* Work instruction
Beginning at the top of the data below, restate every line word for word until the line containing "Zlatni prsten, ženski, žuto" has been included, and omit the pictures.

[Input data — start]

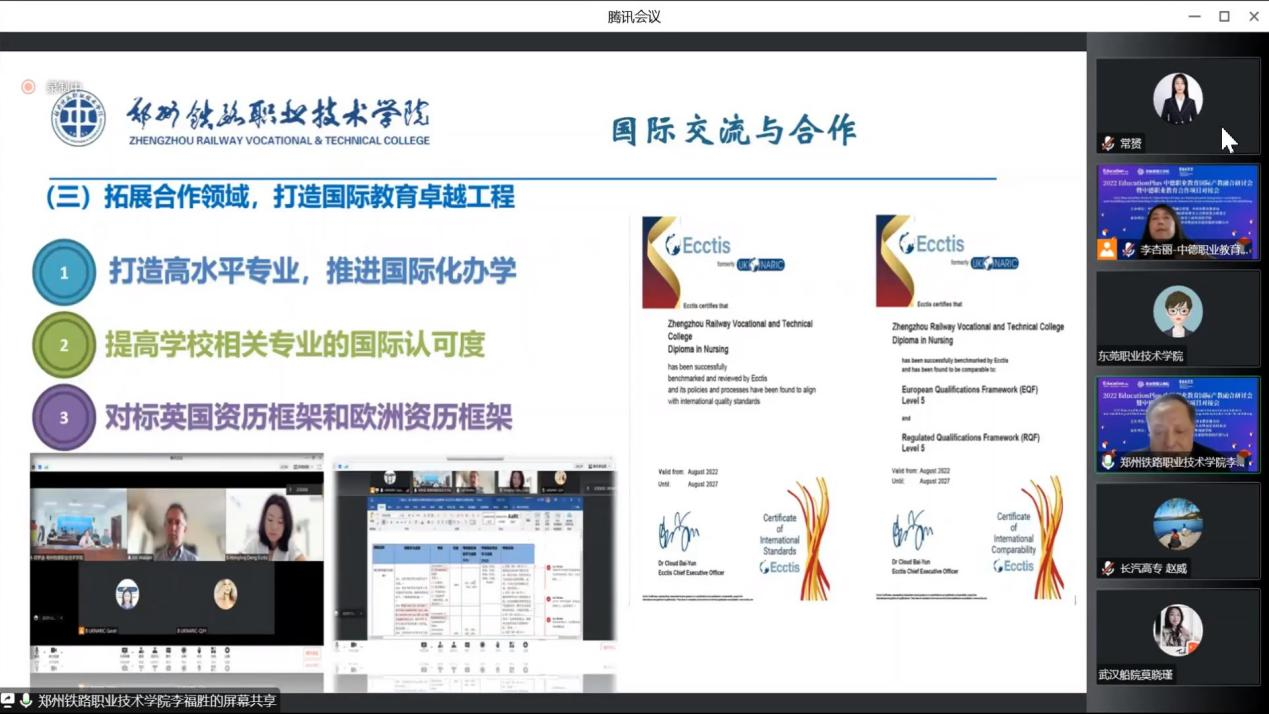 李福胜简要介绍了学校的基本情况,并通过中外合作办学、国际合作领域、跨境教育、参与国际事务等几方面分享了我校在高等职业教育国际化办学中的实践与思考。他表示,近几年,学校始终坚持“引进来”“走出去”共同发展,探索创新跨境教育新模式,积极承担海外技术技能培训、中外人文交流项目,贡献中国职教方案、传播中国传统文化,打造“郑铁”职教国际品牌。
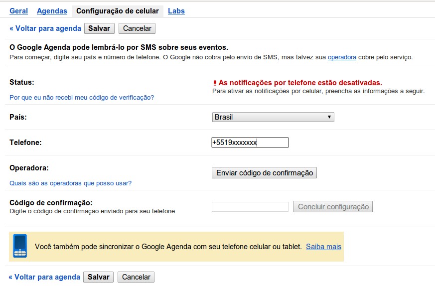 Em “Configurações do Celular” você cadastra o celular que irá receber a notificação.
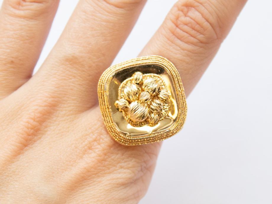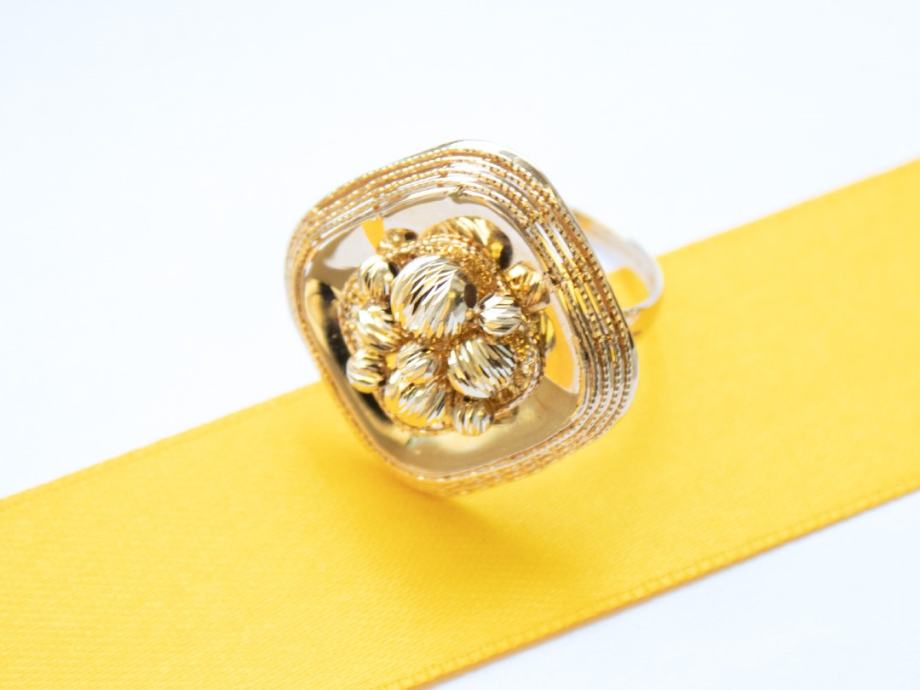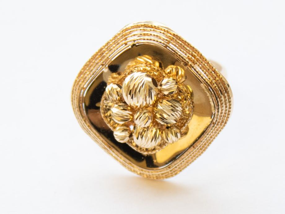Zlatni prsten, ženski, žuto zlato 14K, žig 585, pravokutni "tanjurić" na vrhu - na njemu nareckane kuglice.
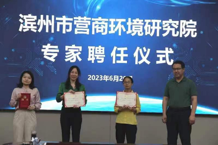 会上,申慱sunbet网站院长王春晖教授为卢小静、李雅宁、卢雅君颁发了特聘证书,三位特聘专家分别开展了《打造国际一流营商环境经验与思路》《营商环境体验活动常态化,助力营商环境优化提升》《构建新时代法治化营商环境》等专题讲座。滨州市营商环境建设服务中心对“滨周到”营商环境小程序应用进行了培训;对《滨州市优化“六个一”服务企业机制工作方案》《滨州市优化营商环境创新提升2023 年行动方案(审议稿)》进行了解读。申慱sunbet网站党总支书记崔玉海同志在会上介绍了学院情况及滨州市营商环境研究院建设运行情况。随后,滨州市营商环境研究院与市直各指标牵头部门进行了对接交流。
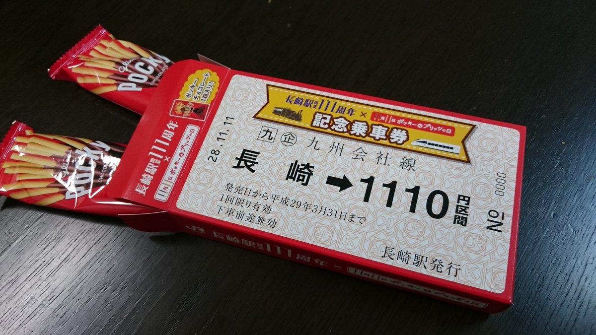 いよいよ明日、ポッキー記念乗車券が発売されるんだねー。 11月11日11時11分に長崎駅で発売開始1110円で1111個発売だよ! #長崎駅111 ちなみに長崎駅発11時11分発の列車もあるんだけど、どこ行きか知ってるかなー?

[Input data — finish]

* Answer space
 李福胜简要介绍了学校的基本情况,并通过中外合作办学、国际合作领域、跨境教育、参与国际事务等几方面分享了我校在高等职业教育国际化办学中的实践与思考。他表示,近几年,学校始终坚持“引进来”“走出去”共同发展,探索创新跨境教育新模式,积极承担海外技术技能培训、中外人文交流项目,贡献中国职教方案、传播中国传统文化,打造“郑铁”职教国际品牌。
 Em “Configurações do Celular” você cadastra o celular que irá receber a notificação.
Zlatni prsten, ženski, žuto zlato 14K, žig 585, pravokutni "tanjurić" na vrhu - na njemu nareckane kuglice.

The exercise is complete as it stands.